新年度が始まりました。桜の開花は例年よりゆっくりで新年度で忙しい社会人にとっては、桜を見上げてほっこりできる時間があるのは嬉しいです。
子育て真っ最中の方は毎日家事、育児に追われ「桜を見上げる時間もない!!」とおっしゃる方もいるかもしれませんが、みなさんにはお子さんという一年中笑顔を咲かせる素敵な宝物がいます。その笑顔に癒されながら日々頑張れるのではないでしょうか。
その笑顔は遊びの中から生まれることも多く、遊びと言っても色々な遊びがあり、その一つに「繰り返し遊び」があります。例えば、0歳児、1歳児では「いないいないばぁ」やおもちゃを渡したり渡されたりするときに「どうも」と頭を下げたり、「こちょこちょ~」と言いながらくすぐるのを何度も繰り返したりします。一通りやると「もっかい!(もう一回)」と何度も何度もやってほしいと催促してくるのです。大人としては結構体力が必要ですし、飽きてしまう方が多いのではないでしょうか。
しかしお子さんにとっては大事な成長のステップです。例えば「いないいないばぁ」は相手の表情を読み取ったり、見えないところから急に見えることへの驚きだったり、それが楽しいと感じる心が育ったり、スキンシップや表情から安全な人と認識したり、様々なことを学びます。「物を渡したり、渡されたり」の繰り返しは物事のやり取りの仕方や、指先・手の動かし方、相手に渡すという行為そのものが面白い、相手が受け止めてくれる安心感など、心も体も成長していきます。
大人も繰り返すことで物事を覚えていくように子どもも遊びの中から生活に必要なスキルを獲得していくのです。大人は繰り返し遊びに飽きてしまうのは、すでに身についているスキルだからではないでしょうか。
保育士目線では、「なぜこの子はこの遊びを楽しんでいるのかな?」と探ります。するとずっと同じ遊びのようでも徐々に変化していくことに気が付きます。それがまた面白いのです。例えば物を落とす行為は、何が楽しいのかな?とみていると、音を楽しんでいる・大人の反応を試している・落とすことが楽しいなど、表情や動きから読みとれることが多くあります。そのうち少し遠くに投げてみて指先や腕の動かし方などを試してみるなど、変化していくこともあります。その子にとって何が楽しいのか、何を獲得しようとしているのかを読み解くことはとても楽しいです。

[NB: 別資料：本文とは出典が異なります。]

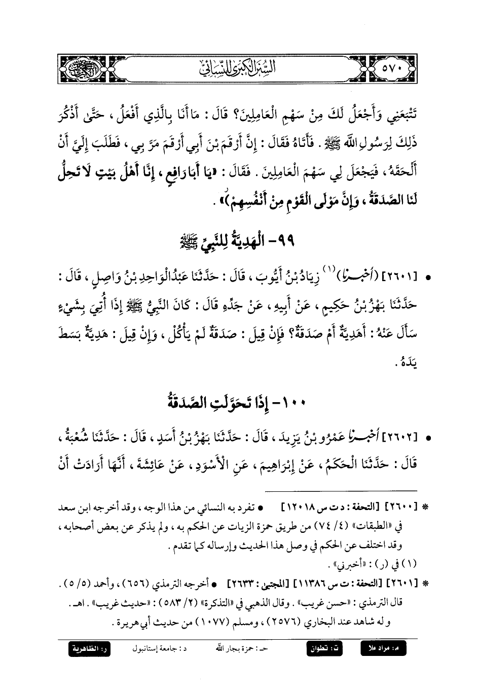 2601- أَخبَرنا زِيَادُ بنُ أَيُّوبَ، قَالَ: حَدثنا عَبدُ الوَاحِدِ بنُ وَاصِلٍ، قَالَ: حَدثنا بَهْزُ بنُ حَكِيمٍ، عَنْ أَبِيهِ، عَنْ جَدِّهِ قَالَ: كَانَ النَّبِيُّ صَلى الله عَليه وسَلم إِذَا أُتِيَ بِشَيْءٍ سَأَلَ عَنْهُ: أَهَدِيَّةٌ أَمْ صَدَقَةٌ؟ فَإِنْ قِيلَ: صَدَقَةٌ، لَمْ يَأْكُلْ، وَإِنْ قِيلَ: هَدِيَّةٌ، بَسَطَ يَدَهُ.
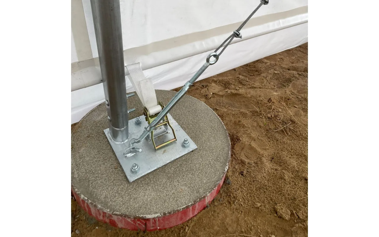Konstrukcja namiotu Hala namiotowa łukowa 12,2x24m PVC 900g/m² wyróżnia się zastosowaniem rur nośnych i łączników o zwiększonej średnicy, co przekłada się na wzrost parametrów wytrzymałościowych całego systemu. W rzeczy samej naszym sercem konstrukcji jest stal, dlatego wykorzystaliśmy walcowaną na zimno stal konstrukcyjną. Dodatkowo elementy szkieletu są perforowane eliminując spoiny, gdyż użycie tej technologii wykazuje największą odporność konstrukcji na obciążenia statyczne i dynamiczne oraz zapobiega potencjalnym deformacjom. W celu zabezpieczenia szkieletu hal namiotowych łukowych komponenty wykonane ze stali poddaliśmy procesowi cynkowania galwanicznego. Ta metoda zapewnia kompleksową ochronę przed korozją zarówno w warunkach wewnętrznych, jak i zewnętrznych. Dzięki temu, rury stalowe wykazują wysoką odporność na procesy rdzewienia. System naciągów dachowych i bocznych składa się z stalowych lin. Powoduje to stabilność konstrukcji, która nie odkształca się i pozostaje zwarta przez cały okres użytkowania. Zabezpiecza to również plandekę przed naporem śniegu oraz wiatru. Wewnętrzny system napinania jest kluczowy w Hala namiotowa łukowa 12,2x24m PVC 900g/m², ponieważ utrzymuje materiał w napięciu, co zapobiega tworzeniu się fałd i zbiorników wodnych na powierzchni plandeki. Dzięki temu, hala jest lepiej zabezpieczona przed działaniem niekorzystnych warunków pogodowych, takich jak silny wiatr czy opady deszczu. System ten również wpływa na estetykę namiotu, zapewniając mu nienaganny i profesjonalny wygląd
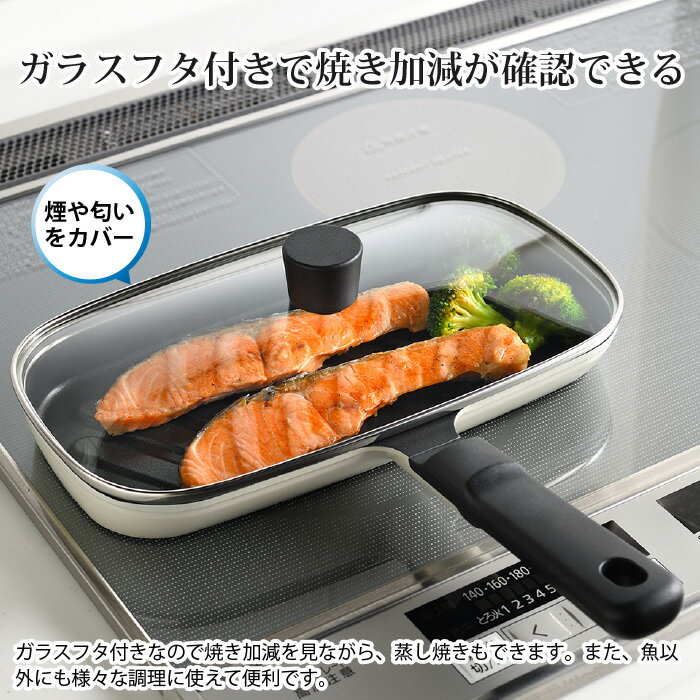 【北海道・沖縄・離島配送不可】■商品説明コンパクトサイズでも本格的な魚焼き今までにないコンパクトサイズでも様々な熱源に対応している本格的な魚焼き。1~2人前を手軽に焼くことができます。・様々な熱源に対応(IH(100V、200V)、ガス、シーズヒーター、電気プレート、ハロゲンヒーター)・ガラスフタ付きなので焼き加減を見ながら、蒸し焼きもできます。また、魚以外にも様々な調理に使えて便利です。・波形プレートなので余分な脂が落ちてヘルシーです。脂は焼き面の凸部のゆるい傾斜で余分な脂を落とし、凹部の傾斜で斜め奥側へ流れていきます。・凸部の幅が広い波形プレートなので綺麗な焼き目をつけてくれます。・内面はこびりつきにくいダイヤモンドフッ素コート(PFOA/PFOS不使用)。・丸洗いできてお手入れ簡単。コンパクトで軽いアルミ製です。■サイズ幅27cm×奥行31cm×高さ8cm(フタ含む)焼き面寸法:幅25cm×奥行11cm■素材本体:アルミニウム合金(内面/ふっ素樹脂塗膜加工、底面/鉄溶射加工)(底厚最大8.5mm)本体ハンドル:フェノール樹脂(耐熱温度140度)フタ:全面物理強化ガラス、ステンレス鋼(クロム17%、ニッケル5%)フタつまみ:フェノール樹脂(耐熱温度140度)■重量:約1.2kg■カラー:ホワイト■原産国:韓国■商品状態:完成品■備考・ガス、IH:使用可能※海外製IHクッキングヒーターでは使用できない機種もございます。・食器洗い乾燥機:不可■ご注意※掲載の写真はお使いのモニターやPCの環境によって違って見える場合がございます。※商品のイメージ違いによる、ご返品・交換は原則としてお断りしておりますので、予めご了承ください。※配送できず返品となった場合「往復の送料」「再梱包費用」をご請求させて頂きます。【レビューキャンペーン商品202306】※現在ご覧のこちらのページからは、【コンパクトおさかなロースター】がご購入いただけます。 コンパクトおさかなロースター スチームクッカー
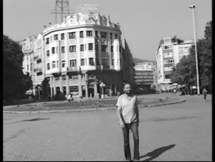 Маж седи на клупа, на кејот на Вардар, и ја изговара познатата мисла на Хераклит „Сè тече, сè се менува“. Станува и шета низ центарот на Скопје. Гледа во излогот на една книжарница, во графитите испишани по ѕидовите и луѓето што се движат. Повторно седнува на клупата и ја изговара истата реченица „Сè тече, сè се менува“.
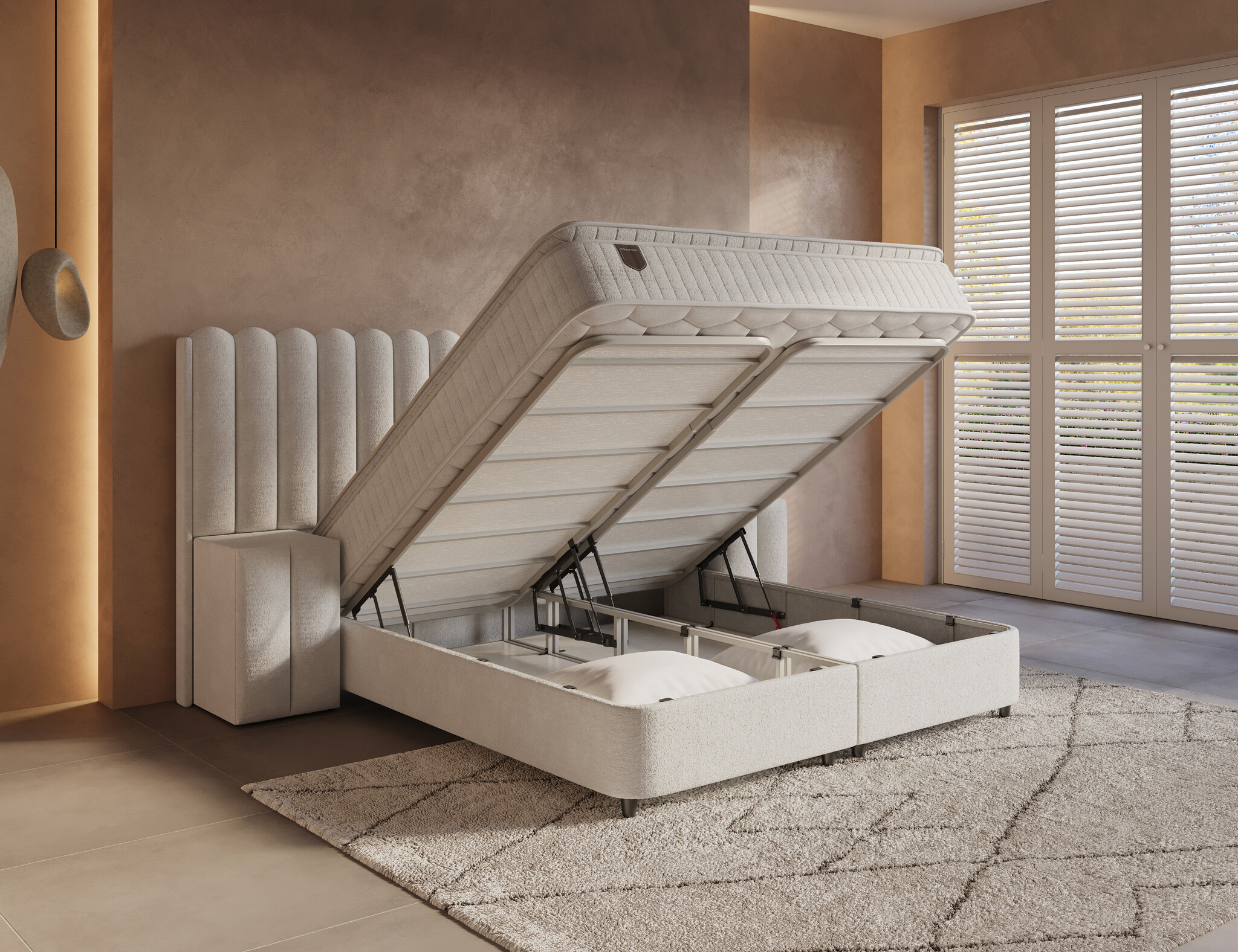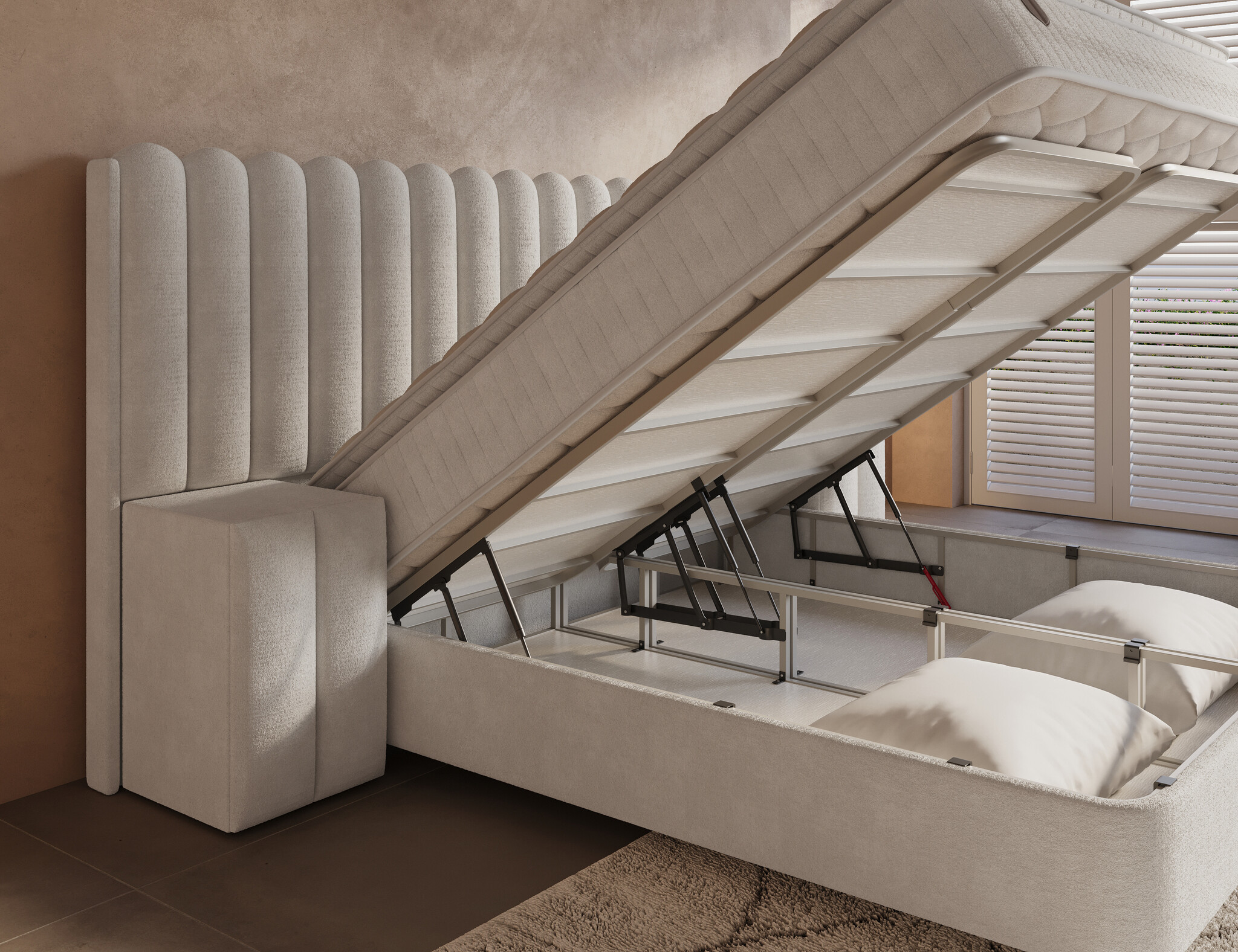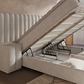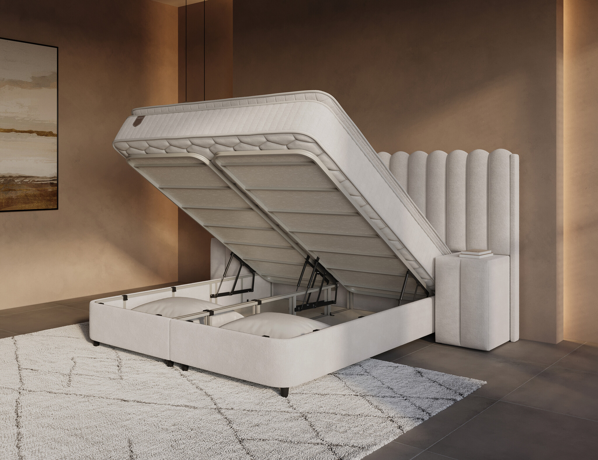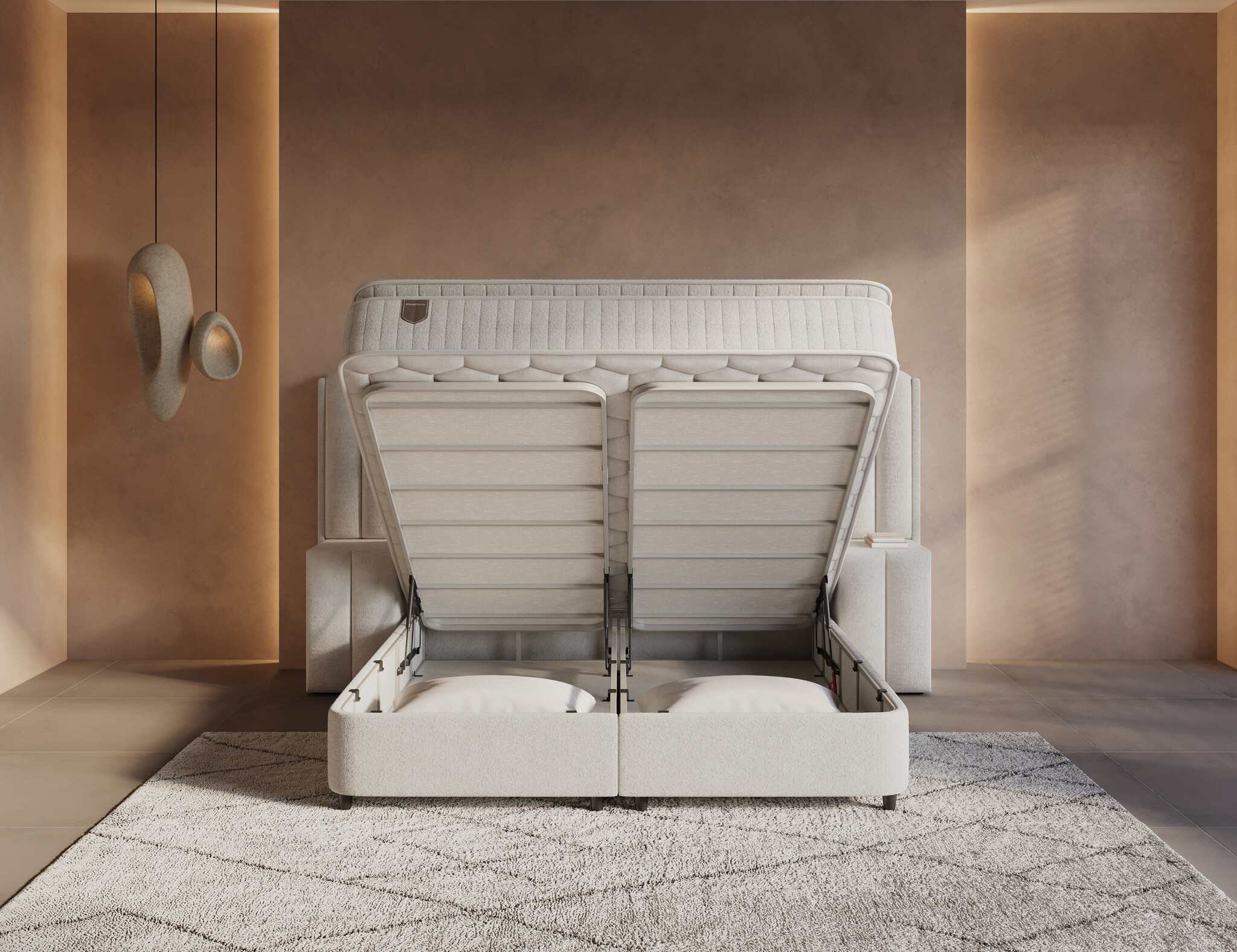 Onder de onderboxen vind je 200 cm aan royale opbergruimte, eenvoudig te openen via vier krachtige gasveren van 1000 newton. Met stevige handvaten en een duurzame, met carbon gelegeerde metalen constructie blijft alles stabiel en veilig. Berg je extra dekens, kussens of seizoenskleding op zonder dat het ten koste gaat van de uitstraling van je slaapkamer.
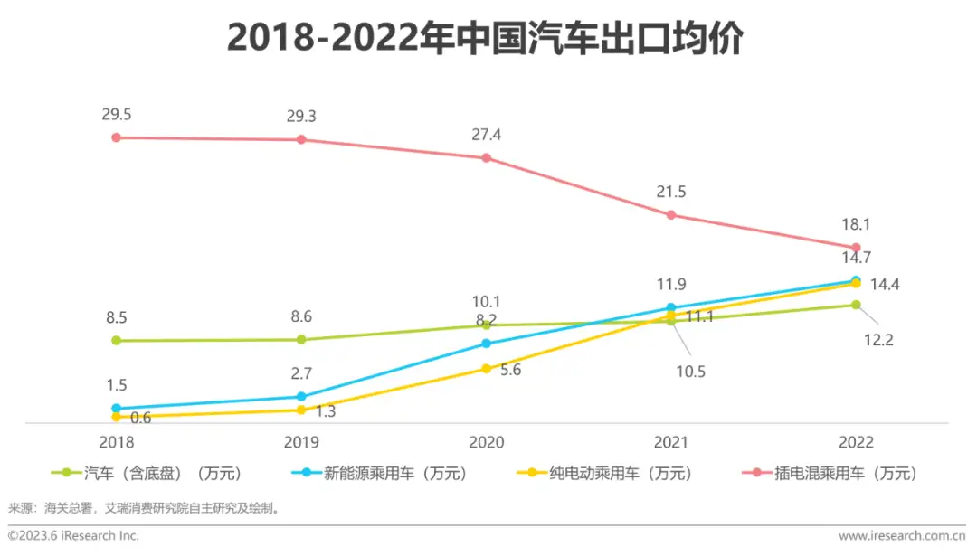 中国汽车出口产品特点——价格层面我国汽车出口均价稳步抬升,纯电车出海高端化趋势明显中国汽车出口除了数量增长迅猛外,汽车均价也在不断抬升,说明我国汽车在海外市场的消费档次逐渐提高。从海关总署的数据来看,我国整车出口均价近年来不断提升,2018年出口均价为8.5万元,2022年增长至12.2万元。随着中国车企在高端纯电乘用汽车领域的发力,驱动新能源汽车产品加快渗透海外市场。2020年开始,在纯电动乘用车的带动下,新能源汽车的出口均价一路走高,到2022年增长至14.7万元;插电混汽车出口均价开始走低。
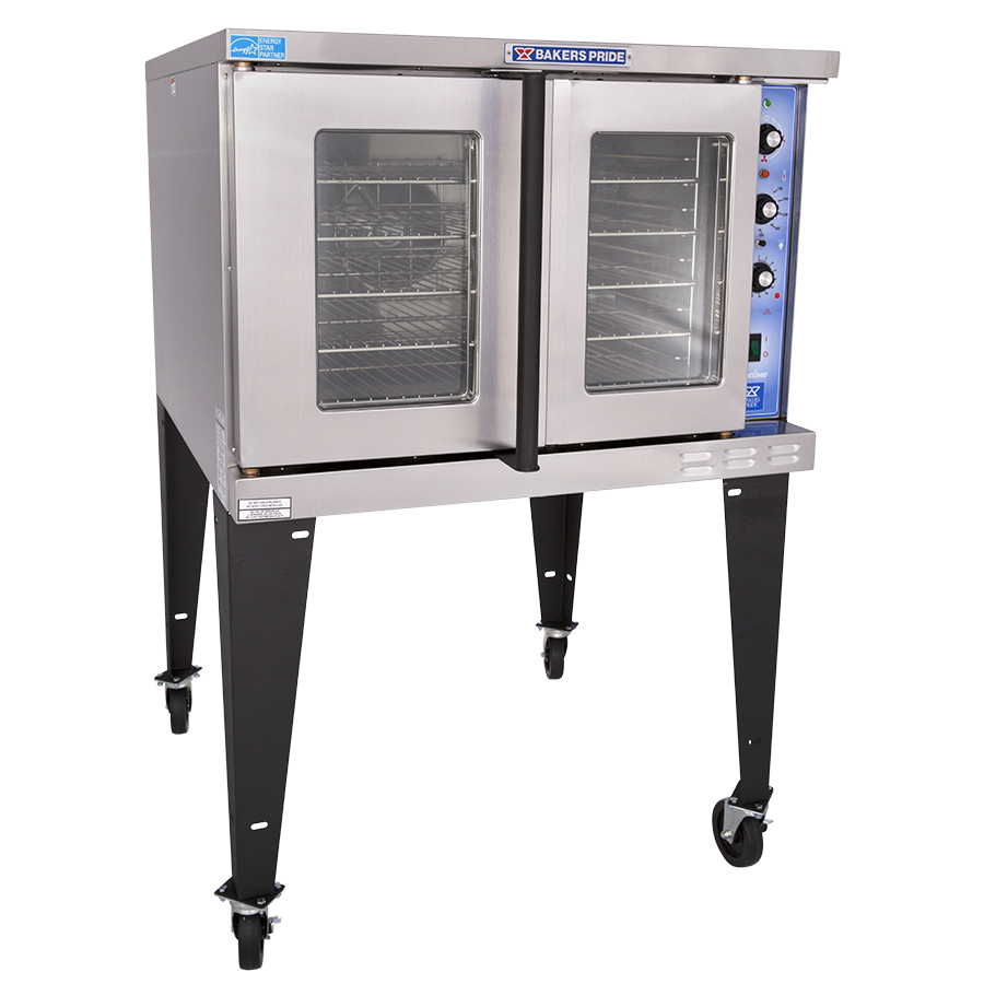 The Bakers Pride GDCO-E1 full-size convection oven has five chrome-plated racks on an 11-position guide with 1.62 inches between each. A light in the cavity illuminates product in the corrosion-resistant porcelain enamel interior. With its electronic temperature controls, the unit operates from 150 to 550 degrees Fahrenheit and distributes heat evenly through a two-speed fan. A cooldown mode runs the fan when the doors are open, quickly lowering the interior temperature.

そして繰り返し遊びのもっともよくあるものの中に「同じ絵本を何度も読むこと」があります。大人にとっては何度も読むことは飽きてしまいますね。しかし、子どもにとっては繰り返す中で物語の内容だけでなく、絵の色や形、繰り返す言葉の面白さ、言葉の獲得など、さまざまなことを覚えていきます。
ご家庭では、ティッシュを全部出したり、新聞を破いたり、高いところから何度も飛んだり、いろいろな困った繰り返しもあるかと思います。危険なことはやめさせる必要がありますが、大人がついていたら安全なことは少し一緒に楽しんでみるといいかなと思います。繰り返して満足するとそこで終わることがほとんどです。新しい発見を求めてまた色々なことにチャレンジしていきます。今回の例えは、0・1歳児を中心に書きましたが、どの年齢でも繰り返し遊びはあります。
繰り返し遊びの意味を考えると、お子さんが「もう一回!」と言った時に大人は「またか~」から「いいよ!」の言葉がすっと出てくるようになると思います。きっと面白い発見があるはずです。
新年度がスタートし保育園は新入園児を迎えました。新しい繰り返し遊びに出会えると思うとワクワクします。ご家庭でも少し見る角度を変えるとお子さんの成長をより感じる場面に出会えると思います。
お子さんの成長を一緒に楽しみましょう。桜に負けない笑顔の花をたくさん咲かせられるといいですね!